I wanted to let you guys know that the link in the coupon for BlackHammer Firearms 2 isn't working... it just goes to the main page of RPGNow... 

Also, I assume that since these are "January" coupons that they expire at the end of the month, but it doesn't say anywhere... I just want to make sure they don't expire sooner...

thanks


----------



## HellHound (Jan 16, 2005)

The link is a coupon code - it should bring you to the front page of RPGnow, but also put the coupon into your cookies.
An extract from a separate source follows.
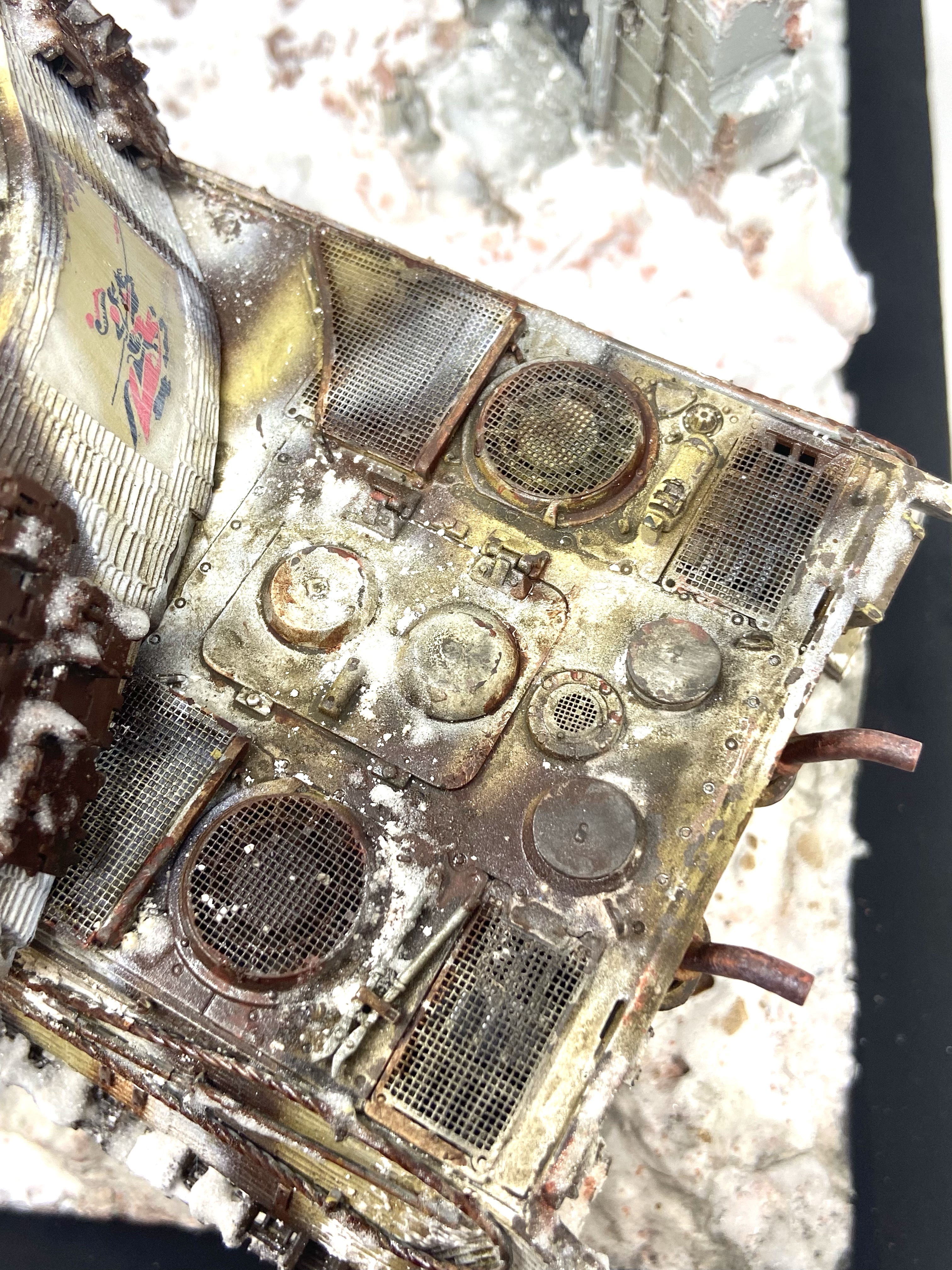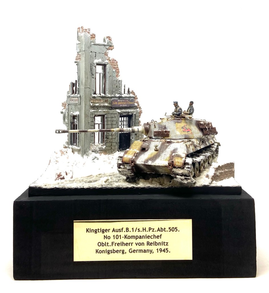This Kingtiger was a Ausf.B.1/s.H.Pz Abt 505 and that unit was in Konigsberg in the winter of 1944. Photographs from this period show the cityscape to be in ruins and the weather in the grip of a harsh winter. My mate Russ from my model club grinned at me and said “You’re gonna need lots of snow!”

Then you have to find the product, and when you buy it, it will be at the reduced price.


----------



## HellHound (Jan 16, 2005)

Oh, and since the PDF will be in circulation for some time, don't expect the coupons to expire until mid-Feb at the earliest.


----------



## beverson (Jan 16, 2005)

Well, when I click on the link for BlackHammer Firearms 3, it goes right to the shopping cart and shows the discounted price.  But BF2 just goes to the main page, and when I add it to the cart myself, there's no discount...


----------



## HellHound (Jan 17, 2005)

Strange - I'll check that with Phil.


----------



## philreed (Jan 17, 2005)

I had a number in the wrong place. The corrected PDF is loaded in place of the error copy.


----------



## beverson (Jan 17, 2005)

Thanks, that did it.  Worked like a charm...


----------



## beverson (Jan 17, 2005)

ooops... managed to make a double post....


----------



## HellHound (Jan 19, 2005)

Thanks Phil. You rock.


----------